------ Dataset ------

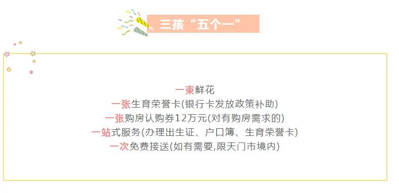 比如三孩“五个一”,天门市的每位三孩妈妈都可以领取到一束鲜花、一张生育荣誉卡、一次购房认购券,一站式服务和一次免费接送。
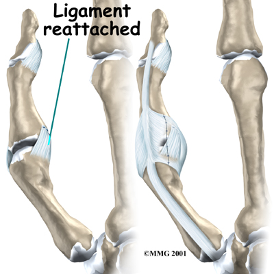This helps expose the MCP joint and the ligaments. The area around the injury is examined for any soft tissue damage. Your surgeon then repairs the ligaments with stitches that anchor them back to the bone.
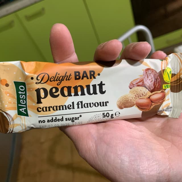 Che golosità per gli innamorati del burro di arachidi come mio marito e con aggiunta di caramello salato. La barretta sembra quasi integrale ed è davvero super energetica.
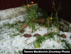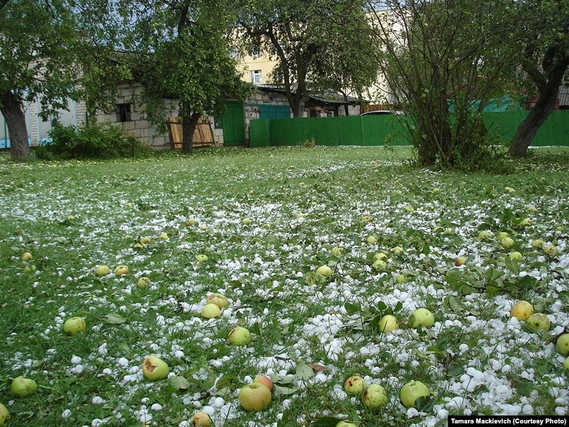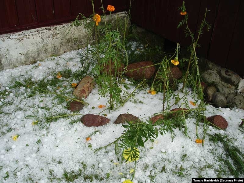 Парывы ветру ў мінулую нядзелю ў Беларусі дасягалі 24 мэтраў за сэкунду, у некаторых раёнах ішоў моцны град, памерам з курынае яйка. Ад граду пацярпеў Мядзел.
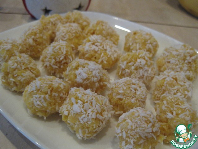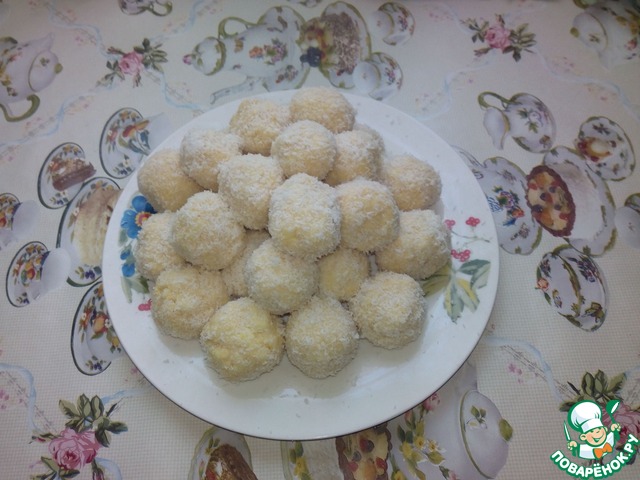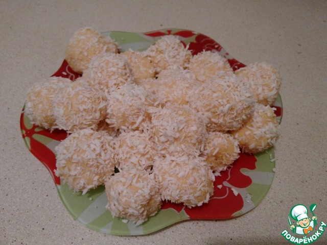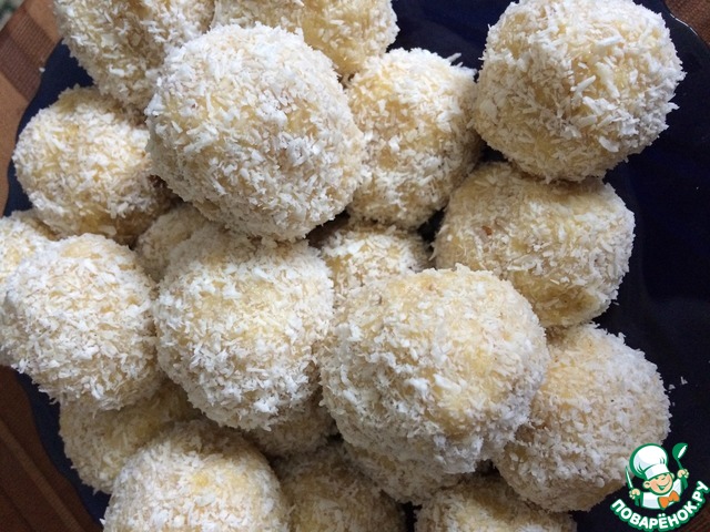 Все хорошо перемешать, слепить шарики и обвалять их в кокосовой стружке.
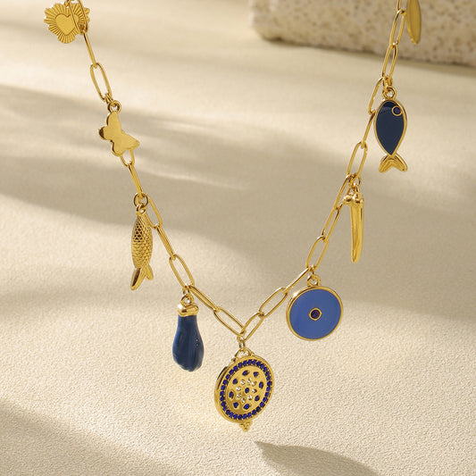 B廠【P2149】O字鏈圓形鋯石項鍊小魚眼睛多配件輕奢時尚誇張鍍金鎖骨鏈 25.02-3
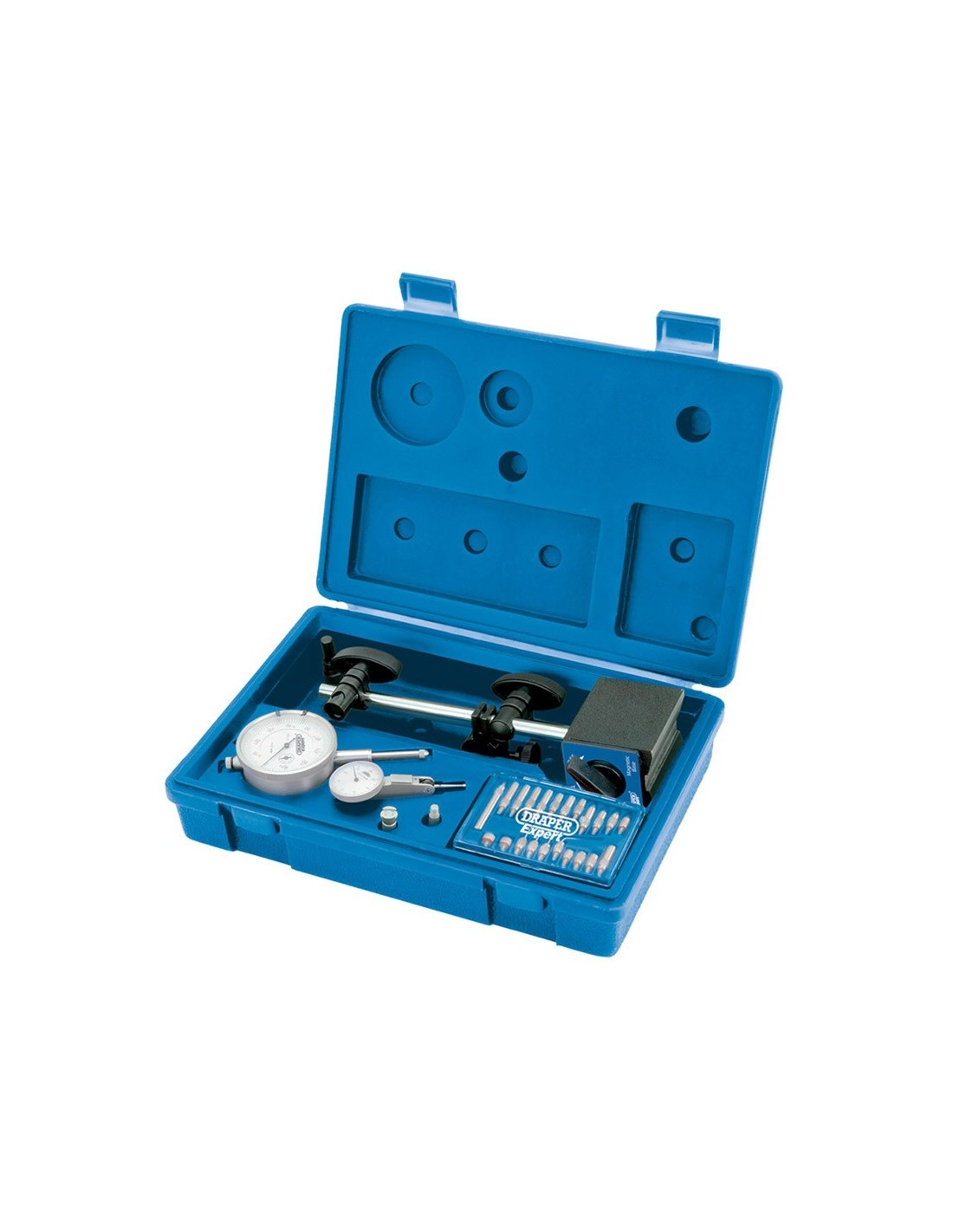 Kit de 2 relojes comparadores, con base magnética y 24 accesorios. Precisión: 0'01 mm (1/100”)Contiene: Reloj comparador con capacidad de 0 a 25 mm.Reloj comparador con palpador y capacidad de 0 a 1'5 mm.Base magnética,22 puntas y 2 adaptadores 6 y 8 mm""""

------

The records above are to be copied exactly, without their pictures.

Exercise solution ▸
 比如三孩“五个一”,天门市的每位三孩妈妈都可以领取到一束鲜花、一张生育荣誉卡、一次购房认购券,一站式服务和一次免费接送。
This helps expose the MCP joint and the ligaments. The area around the injury is examined for any soft tissue damage. Your surgeon then repairs the ligaments with stitches that anchor them back to the bone.
 Che golosità per gli innamorati del burro di arachidi come mio marito e con aggiunta di caramello salato. La barretta sembra quasi integrale ed è davvero super energetica.
 Парывы ветру ў мінулую нядзелю ў Беларусі дасягалі 24 мэтраў за сэкунду, у некаторых раёнах ішоў моцны град, памерам з курынае яйка. Ад граду пацярпеў Мядзел.
 Все хорошо перемешать, слепить шарики и обвалять их в кокосовой стружке.
 B廠【P2149】O字鏈圓形鋯石項鍊小魚眼睛多配件輕奢時尚誇張鍍金鎖骨鏈 25.02-3
 Kit de 2 relojes comparadores, con base magnética y 24 accesorios. Precisión: 0'01 mm (1/100”)Contiene: Reloj comparador con capacidad de 0 a 25 mm.Reloj comparador con palpador y capacidad de 0 a 1'5 mm.Base magnética,22 puntas y 2 adaptadores 6 y 8 mm""""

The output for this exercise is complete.